Aus vollen Kehlen: Die Klingnauer Haarspalter (im Bild drei der vier Sänger) spötteln mit Vorliebe über die Stadtregierung und die Nachbarn in Döttingen.

Mirjam Bolliger – Foto az.ch

Die «Kurärzte» aus Bad Zurzach ...

... zum Verenaspiel:

Mer händ studiert ond öberleit analysiert,

Omfroge gmacht, Wahrschindlichkeite usprobiert

Es esch zom Hüle, doch jetzt hämmers akzeptiert:

Kei Sau vo Zorzi hät s Verenaspiel kapiert.

... zum Auenprojekt Chly Rhy:

Riethe baut Tömpel und neuii Aue

werdeds das echt au verhaue?

Doch Riethe cha mit eim uftrumpfe

de Buffy weiss wie omesumpfe.

(Für Nichteingeweihte: «Buffy» ist

Ammann Beat Rudolf)

... zu «Gerigate»:

Riite Riite Rössli –

z’Bade stoht es Schlössli

z’Bade stoht es goldigs Huus

– det packt de Geri s’Schnäbi us

d’AZ hät es Föteli – vo sim chline Zöteli

de Bollag het kei Froid gha dra

– bem Geri hets no d’Vorhut dra.

... zum Solvay-Jubiläum:

D’Sodi isch doch jetzt au scho honderti

ond de Wädi Neff vo Afang a debi

s’gliche gits im Gmeindrot z’Zurzi aber au

de Männe isch det set em Chilebücklibau

(«Männe» ist Vizeammann Meinrad Moser)

Die Schiiheilige aus Würenlingen ...

... zur Tegerfelder Wykönigin, die aus Würenlingen kommt:

Wenn Du iichaufsch, egal öb

Volg, Coop oder Migro,

Uf de Verpackig muess d’Herkunft

und s’Ablaufdatum stoh!

Scho vor zwei Johr hät’s geh en

Gammelfleischskandal,

dass bschisse wird mit Rossfleisch,

isch scho lang normal!

Ganz i dem Sinn tuet au Carna Grischa

Echli Fleisch und Ablaufdatenen vermischa!

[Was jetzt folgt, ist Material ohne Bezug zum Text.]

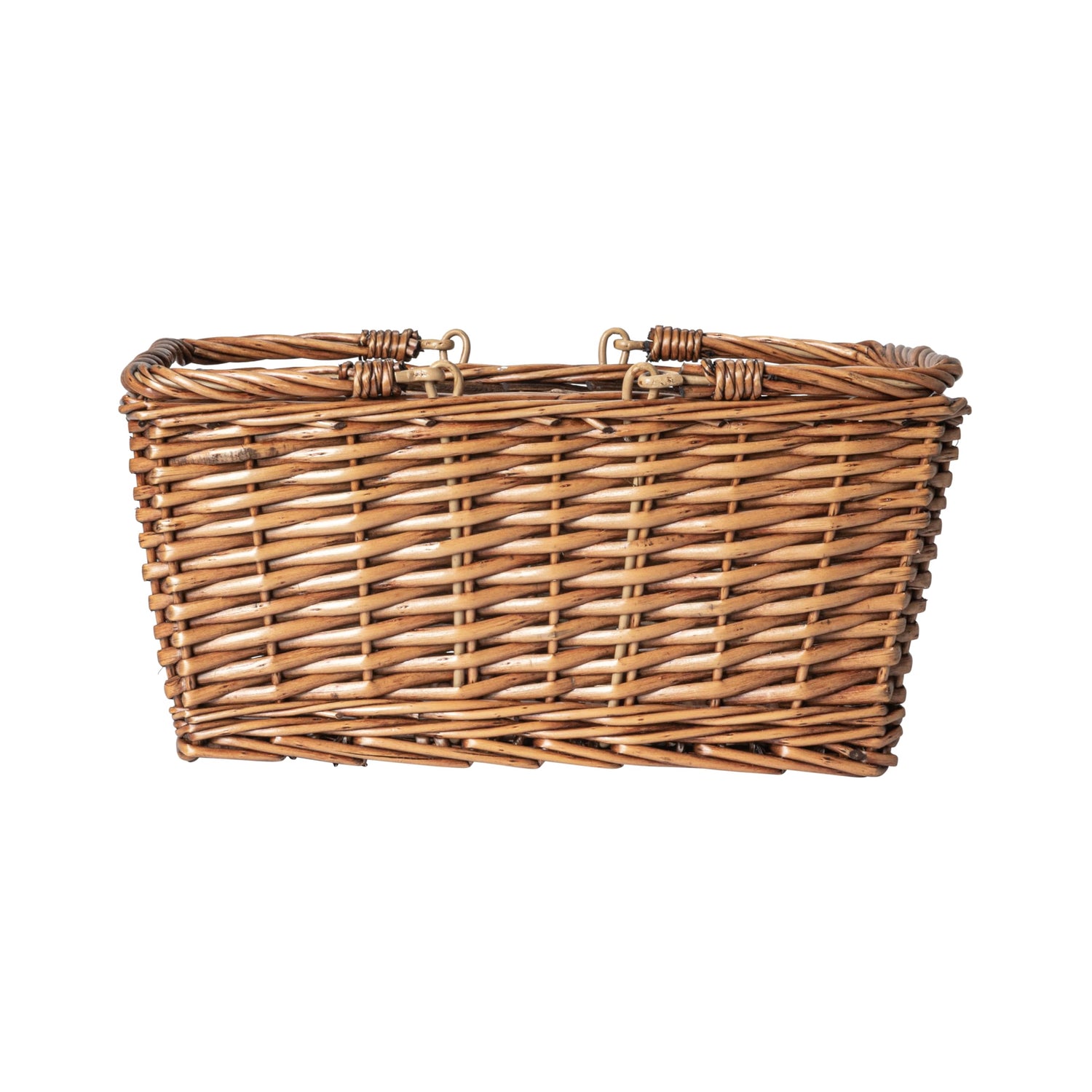 Details: This woven market basket is perfect for both function and decor due to its attractive weave and durable design. Handwoven of natural fibers, this basket is one of a kind and might differ slightly in size and color. This beautiful woven basket is made of golden willow reeds handwoven into a sturdy, classic shape. It’s spacious interior and open top makes it perfect for display, carrying items to and from the car or simply taking a stroll in the park. The tapered profile and textured weave is a wonderful eye-catcher–a wonderful accent for the guest bathroom, bedroom, kitchen or living room. The willow material makes it lightweight yet hardy and super comfortable to carry in both hands or even on the hip! The basket has a pair of swing handles woven into an interesting, spiral weave. These handles are securely wrapped around metal anchors made of white powder-coated steel and discreetly woven into the sides. These anchors provide the support and durability to last you through countless trips to the farmer’s market, grocery store or local park. Fill this basket with fresh local vegetables, fruits, breads, picnic lunches, guest towels, toiletries and much more. Its wide range of utility, elegant style and natural durable materials make this woven market basket perfect for many different purposes. This woven market basket is a necessity for anyone who loves natural, durable and multipurpose storage options for their home.

Wenn du meinsch, vo Fleischskandäl hebsch du jetzt gnueg,

Heb Dir am beschte d’Ohre zue!

Well de gröschti Lebensmittelskandal

wo mir müend melde,

De chonnt us em nöche Tegerfelde!

Nei, nei die hend nöd de Wii panschet, wie die im Wallis unde,

Obwohl de Ranzechlämmer denn velecht wörd munde!

Schamlos nützed d’Tegerfelder ihri Chundschaft us,

Wenn ich nur scho dra denke, s’isch en Gruus!

Well det wo druf stoht Tegerfelder- Wiikönigin

Isch in Wohrheit Würelinger Frischfleisch drinn!

... zum Schwingfest-Sponsoring:

Do ticket d Uhre anderscht bi üs z Würelinge,

do wird scho kämpft bevors aafanget schwinge.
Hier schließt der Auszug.